Saída de cientista do NIH e a ciência dos EUA sob censura – 29/04/2025 – Bruno Gualano

Em minha última coluna, comentei sobre um recente estudo que investigou os efeitos de um alimento ultraprocessado (milkshake) na ativação cerebral de dopamina —um mecanismo clássico de recompensa, super estimulado por drogas de abuso. O trabalho foi conduzido por cientistas afiliados ao National Institutes of Health (NIH), a principal agência financiadora de pesquisa biomédica do mundo, vinculada ao Departamento de Saúde e Serviços Humanos dos Estados Unidos.

A hipótese de que a ingestão do ultraprocessado produziria uma elevada ativação dopaminérgica não se mostrou verdadeira ante os resultados. Consequentemente, os autores concluíram que um suposto vício nesse tipo de alimento não poderia ser explicado por tal mecanismo. Uma mensagem suficientemente clara, que abre novos caminhos para compreender por que muitas pessoas têm dificuldade em controlar o consumo de produtos ricos em açúcar, gordura e aditivos cosméticos. As limitações do trabalho foram devidamente expostas e discutidas. As conclusões se ativeram aos achados, sem nenhuma extrapolação indevida. Tudo como manda o figurino da boa ciência.

Eis que, em 16 de abril, Kevin Hall, principal autor do referido trabalho e um dos mais proeminentes líderes de pesquisa em nutrição e metabolismo do NIH, anunciou seu desligamento da agência.

Em entrevista ao The New York Times, Hall alega ter sido proibido por agentes federais de falar livremente com jornalistas sobre o estudo, o qual contestaria a crença do secretário de Saúde, Robert F. Kennedy Jr., sobre a natureza viciante dos ultraprocessados.

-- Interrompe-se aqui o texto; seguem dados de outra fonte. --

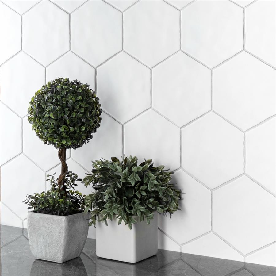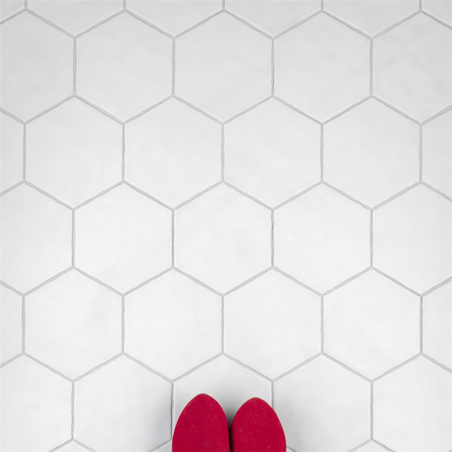 Capturing the simplicity of mid-century modern design, Our Palm Hex White 6” x 7” Porcelain Floor and Wall Tile is a subtle infusion of monochromatic color and shape. This hexagon shaped tile creates stunning visual effects through an off-white glaze that has subtle variations that are meant to replicate genuine hydraulic tiles. This dynamic display of geometric shape is visually appealing and versatile. To add further contrast and dimension to the design, this matte floor and wall tile features slight surface undulation and subtle edge irregularities, offering an organic handcrafted appearance. Its ADA-compliant, impervious, frost-resistant and durable features make this an ideal choice for both commercial and residential indoor and outdoor installations including, kitchens, bathrooms, backsplashes, showers, hallways, entryways, patios and fireplace facades. Tiles in our Palm Collection arebicottura or double-fired, which ensures each tile is precisely calibrated to allow for installation consistency and the use of tighter grout joints. The second firing of the tile creates a stunning rich glazing effect that cannot be achieved with a single fire process. These tiles are also mono-color, meaning the colors remain consistent between production runs. Tile is the better choice for your space. This tile is made from natural ingredients, making it a healthy choice as it is free from allergens, VOCs, formaldehyde and PVC.Try out our grout test below to determine which grout color suits your design preferences.
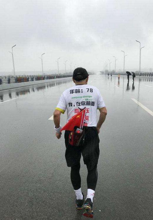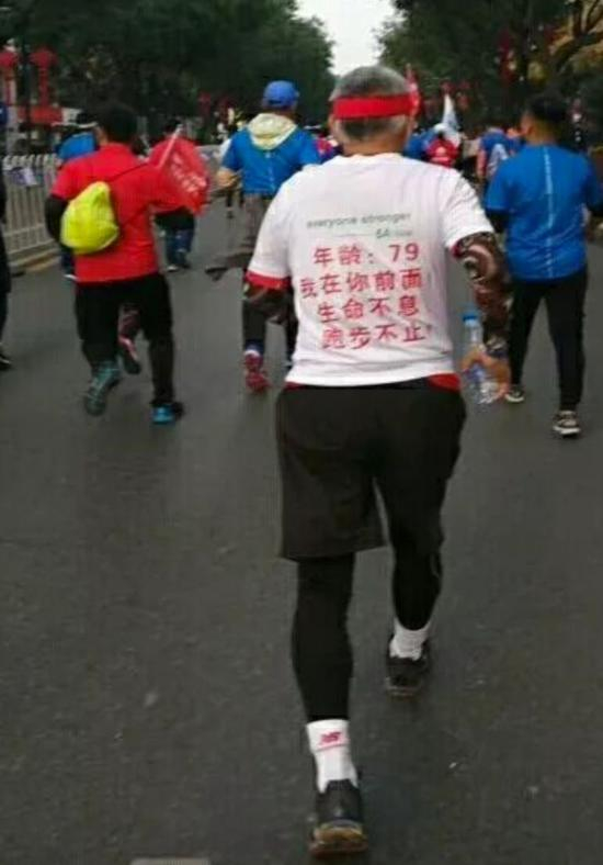 昨天在西安马拉松中,跑友拍到一位满头花白的老人,他身着的白色T恤上,印着一段鲜红的字:年龄80 ,我在你前面!生命不息,跑步不止!
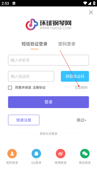 3、在登录/注册选择页面点击【忘记密码】,进入找回密码页面。
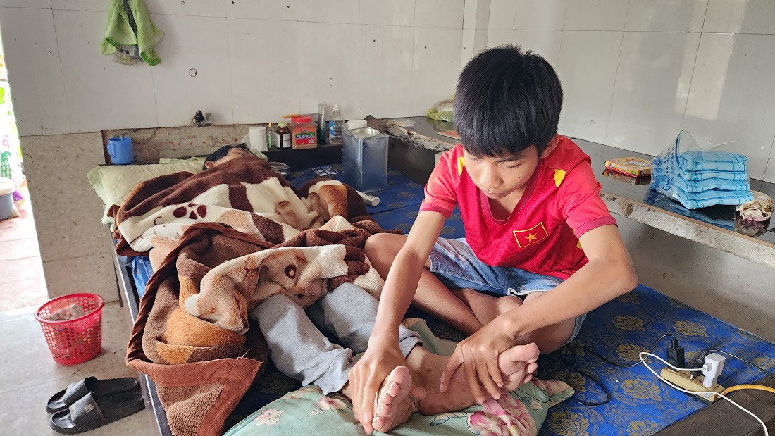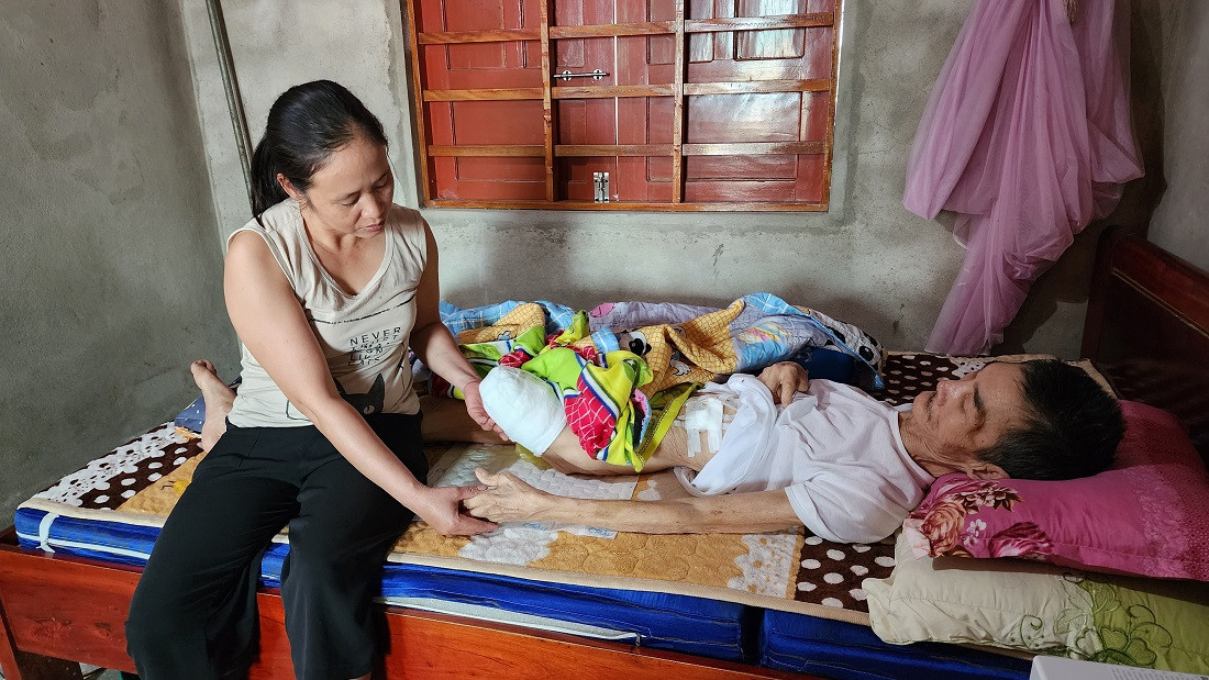 Bất hạnh chưa dừng lại khi giữa năm 2022, bố chồng chị là ông Trần Thanh Sắc (SN 1952) bị tai biến. Di chứng để lại khiến ông bị liệt, không nói được. Mới đây, chân trái của ông bị hoại tử, phải cắt bỏ. Tuổi cao, sức yếu lại thêm bệnh tật hành hạ, ông Sắc sống cảnh thực vật. Chi phí bỉm, bông băng cho ông gần 100.000 đồng/ngày. Trong khi đó, mẹ chồng chị Sáu đi lại khó khăn, vậy nên mọi hoạt động thường ngày của bố chồng đều trên tay chị.
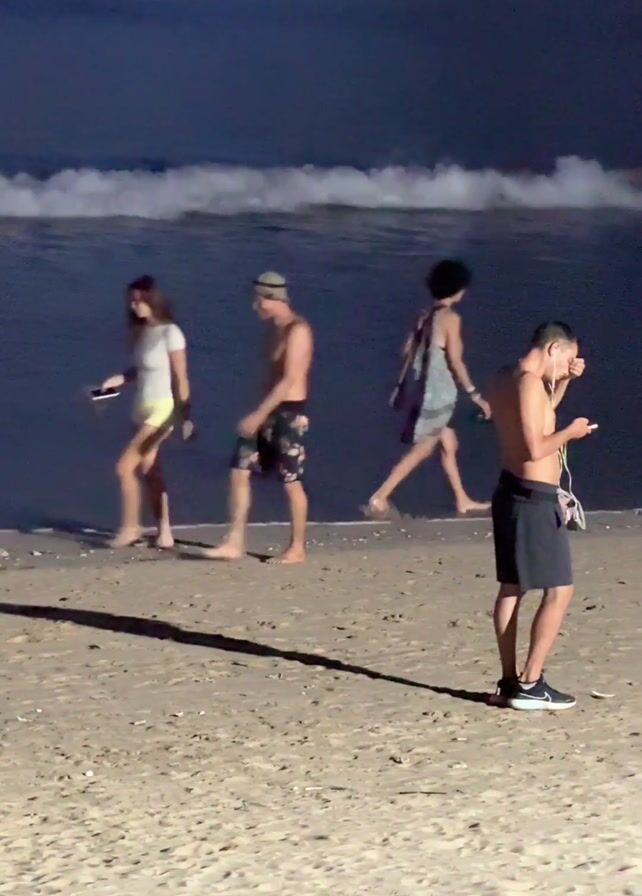 A night beach scene shows several individuals
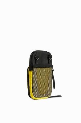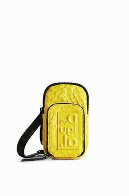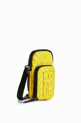 A smartphone pouch with an embossed geometric texture and a large logo on the front. Features multiple pockets and a large fabric strap with logo.
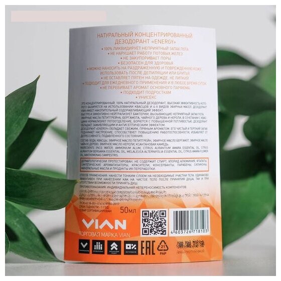 Дезодорант натуральный Vian STRONG, концентрированный, 50 мл
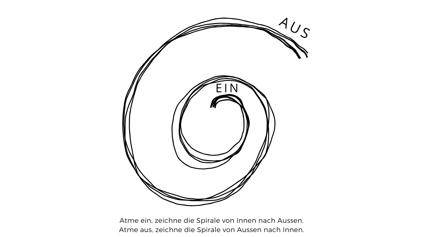 Wenn es dir wohl ist, kannst du diese Form mit deiner Atmung verbinden. Dies bedeutet: Bei der Einatmung zeichnest du die Spirale von Innen nach Aussen. Bei der Ausatmung zeichnest du die Spirale von Aussen nach Innen.
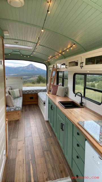 Most skoolie conversions feature wood-clad interiors that completely transform the original bus aesthetic. The adventure of traveling in a converted bus appeals to nomadic spirits worldwide.
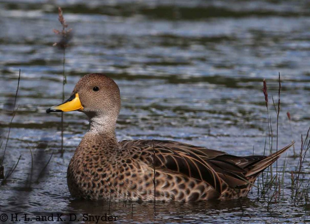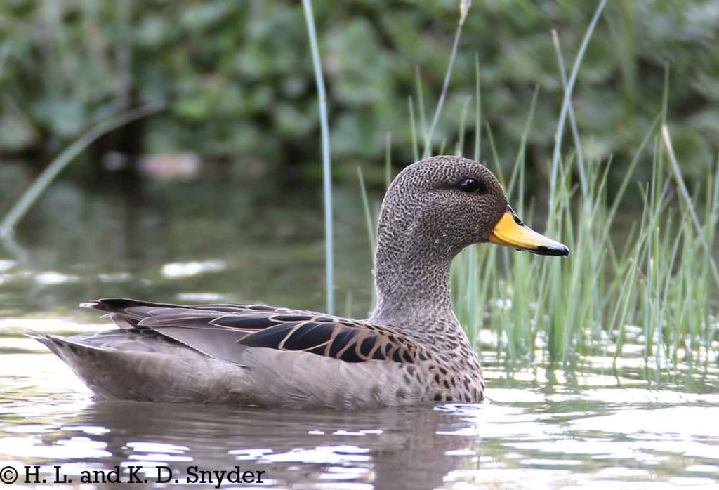 U – Z : Upland Goose , Wandering Albatross , White-bellied Storm-Petrel , White-bridled Finch . White-chinned Petrel , White-crested Elaenia , White-throated Caracara , Wilson’s Storm-Petrel , Yellow-billed Pintail , Yellow-billed Teal .
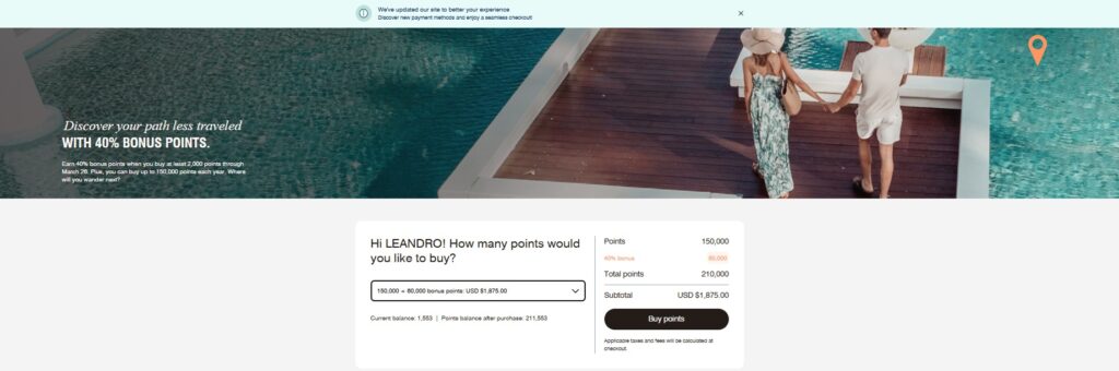 • Novas Contas: Se você criou sua conta no Marriott Bonvoy agora, precisa esperar 30 dias para poder comprar pontos.
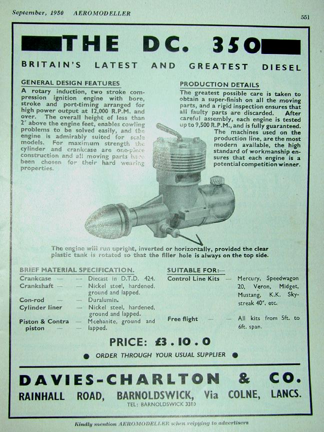 The earlier DC "350", reviewed in Aeromodeller by LH Sparey in November 1950 and January 1952, used a mono-block case with cast-in fins and a head secured initially by 3, later 6, screws (after heads were observed to explosively and embarassingly depart from the case while running). The Manxman adopts the simpler, lighter and more robust design with separate cooling jacket and 4 bolts. Aeromodeller reports that the main crankcase journal size had also been increased--this being another noted weak-point of the "350". The Aeromodeller test figures for the Manxman stated RPM in the range 8000 to 14000 (the latter using a 7x5 prop--stand back and mind your fingers on a cold winter's morning!). The report observed that it was not possible to stop the engine by backing off the compression screw, right thru the RPM range. The comp screw is also rather short, perhaps to prevent it being over compressed (whether by the screw bottoming on the head top, or the operator burning his fingers on the head is uncertain). Although the DC 350 was most certainly designed by Hefin Davies, I'm tempted to credit the Manxman design (or redesign) to Alan Allbon as it bears more of his style. Incidentally, no-one seems to know who "Charlton" was, or if he even existed. Perhaps it was like the "Ashton" of early database vendor "Ashton-Tate"--a name made up to make it all sound grand (although George Tate did eventually buy a parrot and name it Ashton--but I digress...)
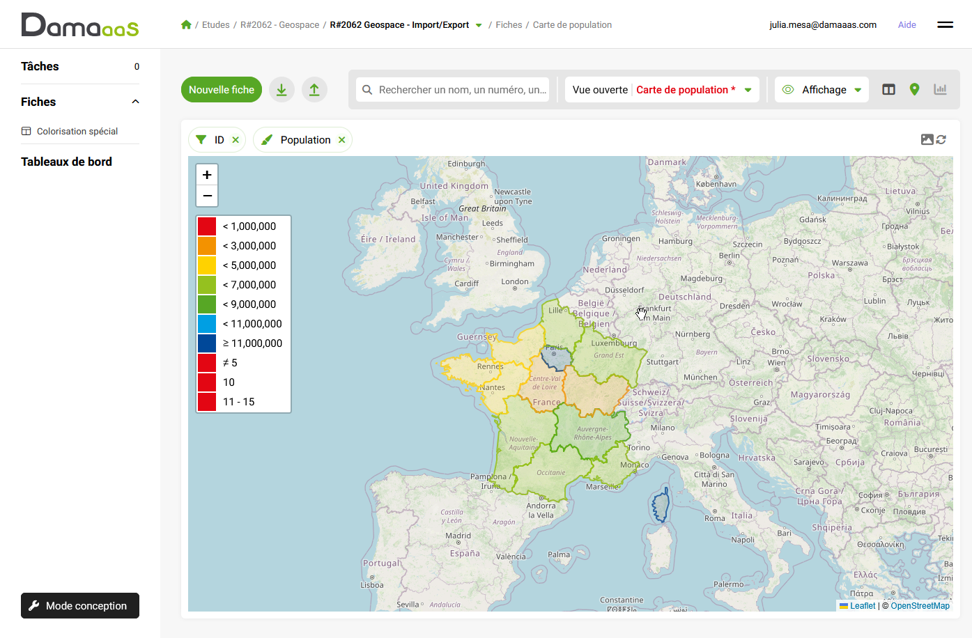 Créez des tableaux de bord visuels sans effort. Le système peut désormais générer une échelle de couleurs automatique (ex: densité de population) sur les zones géographiques. Les valeurs s’affichent directement sur les formes au zoom.
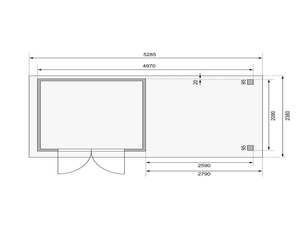 B x D x H: 529 x 238 x 211 cm, sokkelafmetingen huis: B x D: 238 x 213 cm, incl. 2,8 m aanbouwdak met achterwand
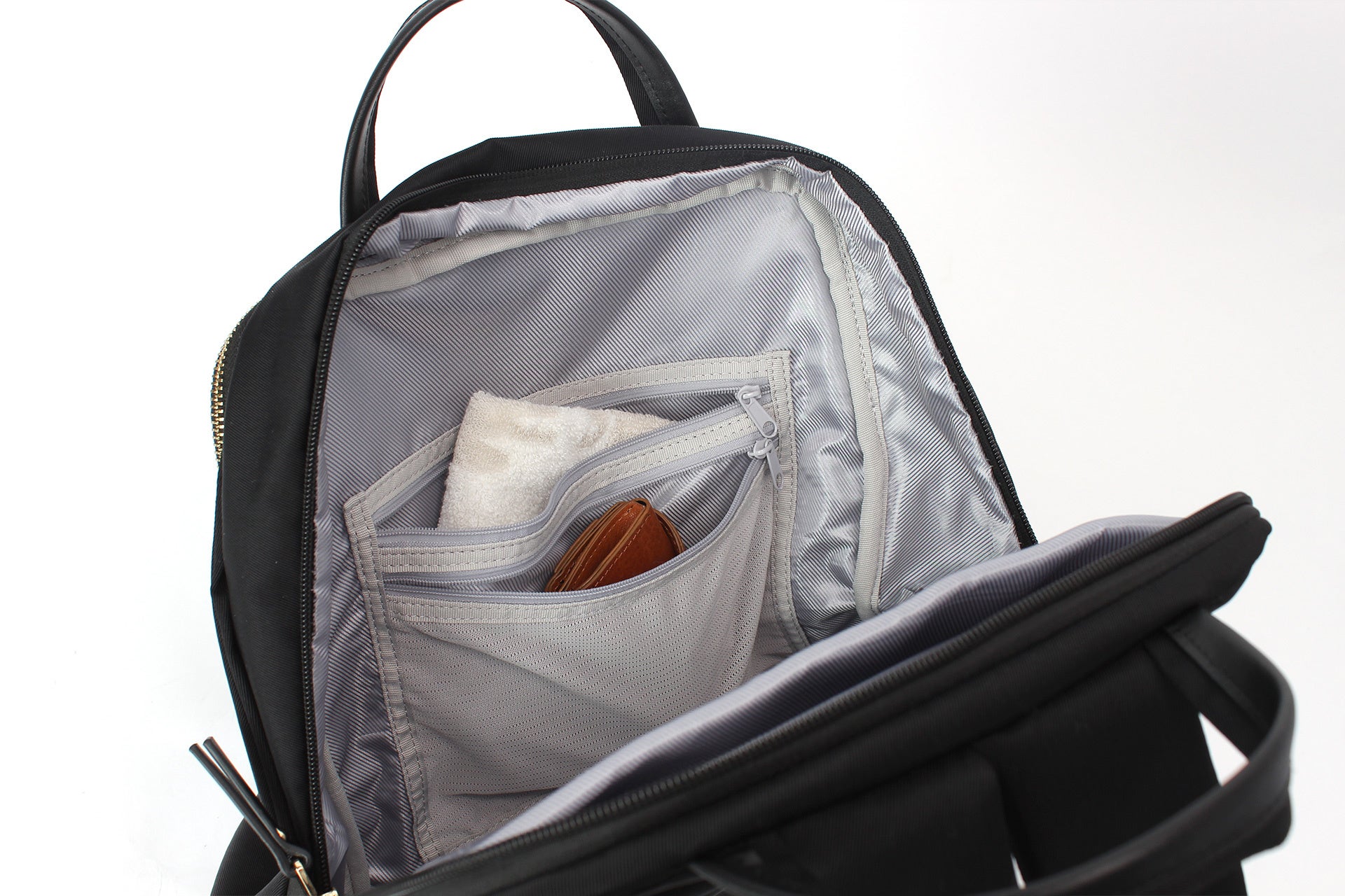 「あれ、どこに行ったっけ?」をゼロに。外側・内側合わせて計13箇所の収納スペースを備え、細かな持ち物からPCまで、すべてのアイテムに定位置を作れます。
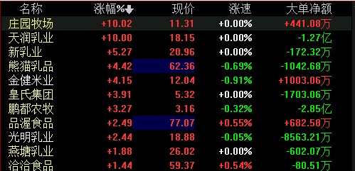 摘要: 1月6日,乳業(yè)概念繼續(xù)走強(qiáng),莊園牧場(chǎng)(002910)、天潤(rùn)乳業(yè)(600419)封板領(lǐng)漲,新乳業(yè)(002946)、熊貓乳品(300898)、金健米業(yè)(600127)等紛紛跟漲,漲超4%。
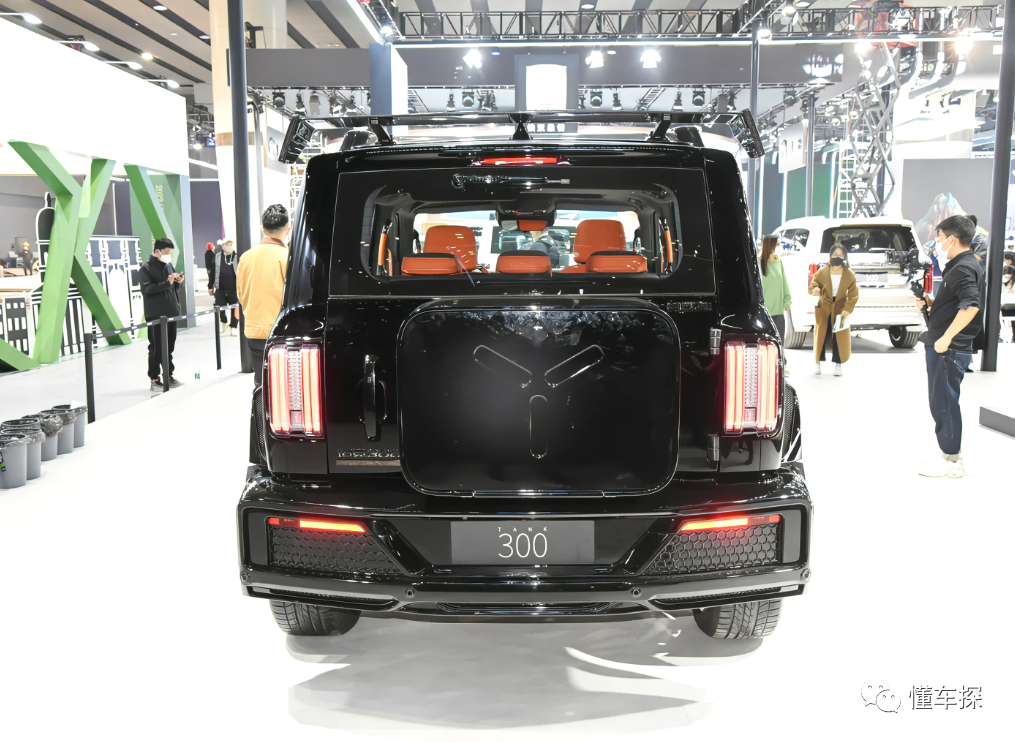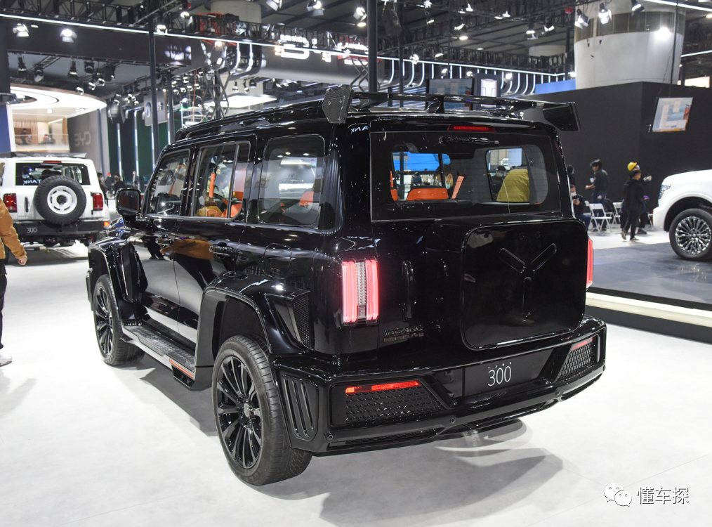 尾部方面,坦克300赛博骑士造型设计比较显眼,顶部带有碳纤维材质的扰流板,两侧配备有竖向尾灯组。

O cientista também revelou que, meses antes, funcionários do NIH também o proibiram de assinar uma revisão científica inédita sobre esse tipo de alimento, escrita em colaboração com outros autores. Isso porque o trabalho fazia menção à “equidade em saúde”, em reconhecimento ao fato de que algumas pessoas nos EUA não têm acesso a alimentos saudáveis. A suspeita é que essa discussão não estivesse alinhada com a turva visão da administração Trump sobre “diversidade, equidade e inclusão”. Hall teria sido avisado que, se quisesse permanecer no artigo, a seção precisaria ser modificada. Ele, então, viu-se forçado a abdicar da autoria —situação inédita em sua carreira de 21 anos no governo.

“Vivenciamos o que equivale a censura e controle da divulgação de nossa ciência”, disse Hall. O cientista receava que, se permanecesse no cargo, os funcionários também pudessem interferir no planejamento e execução de seus estudos: “Isso faria com que eu odiasse meu trabalho todos os dias.”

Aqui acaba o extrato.